The second is API billing, which charges you per transaction. This is what is used when you go over your fixed usage and enterprise plans typically use this.

Now, the point of this blog post. Claude Code has a non-interactive mode in addition to the interactive mode. The non-interactive mode is very useful for scripting and CI usage. Obviously, in this mode, you don’t want it to run away with your API usage and blow lots of money for no good reason. This is why the non-interactive mode has the option --max-budget-usd.

Max budget option

At the time of writing, the documentation for this option says:

Maximum dollar amount to spend on API calls before stopping (print mode only)

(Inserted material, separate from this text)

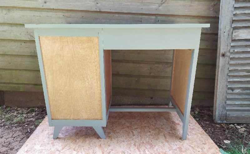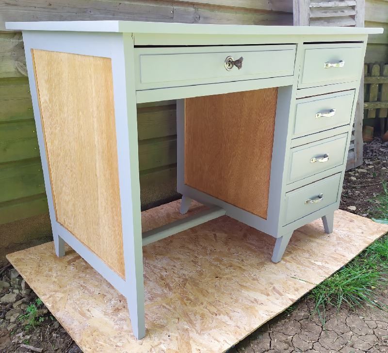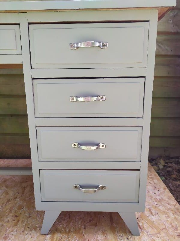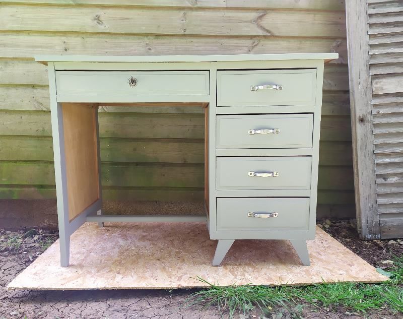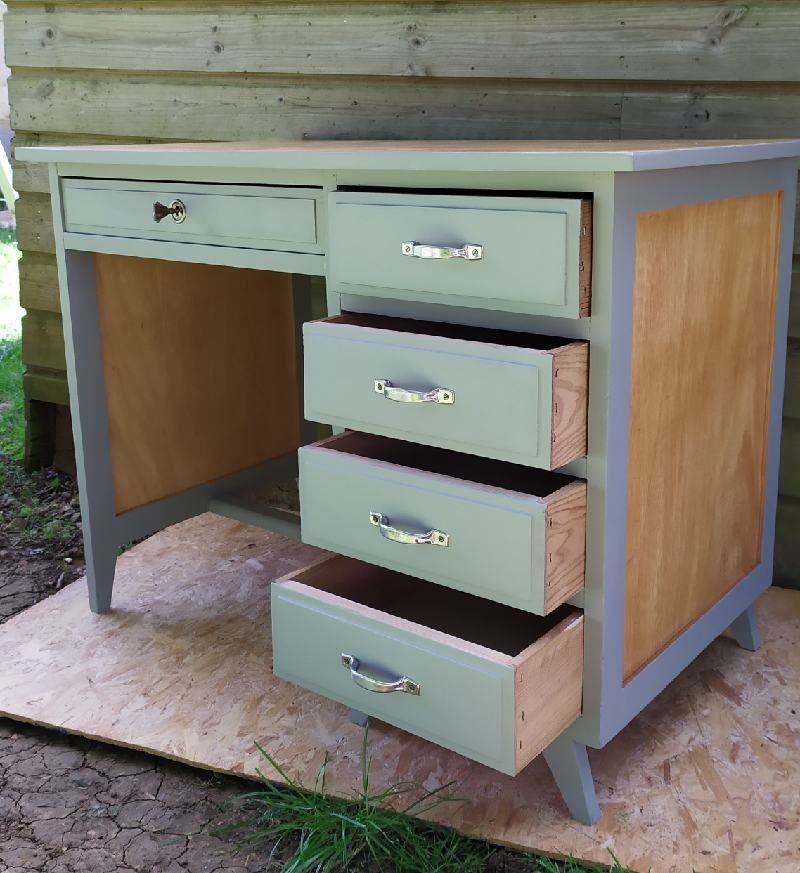 Bureau des années 70; peinture Toscane(gris-vert) petits pieds compas. Un tiroir comporte des petites tâches en l intérieur sinon bon état général. Plateau ciré
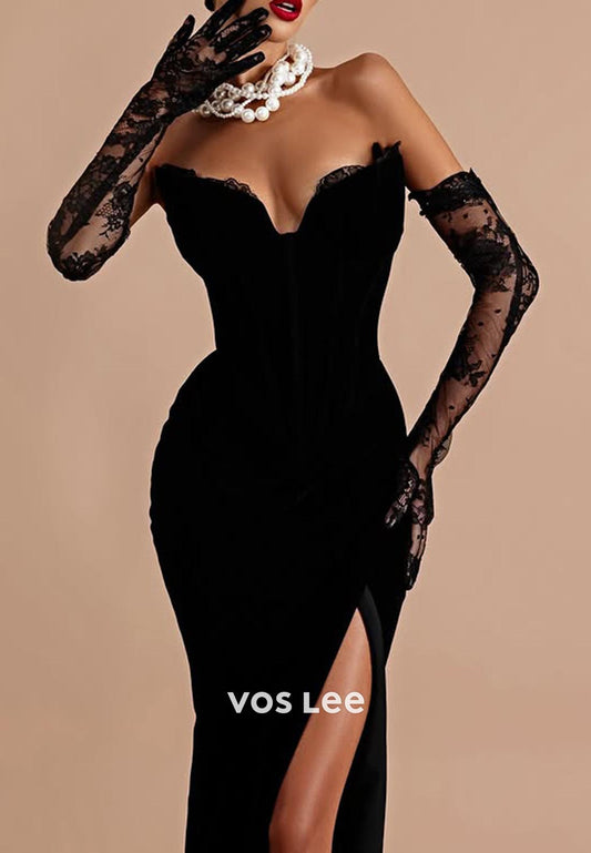 Couture & Ornate Sweetheart Mermaid Prom Dresses with High Split with Long gloves

OK, that is great, but then what? Does the caller get an error? How is it determined when the maximum is hit? I asked Claude itself and it didn’t know. I searched around the web and couldn’t find any information.

Therefore, I’m doing today what I always do when I find documentation missing, I research and write it myself.

I could look at the recent Claude Code source leaks that have been shared everywhere, but that probably wouldn’t be legal and certainly wouldn’t be ethical. So, instead, I decided to test it to see what would happen. I should note that this works whether you are using fixed billing or API billing. The costs are absorbed automatically when you are using fixed billing.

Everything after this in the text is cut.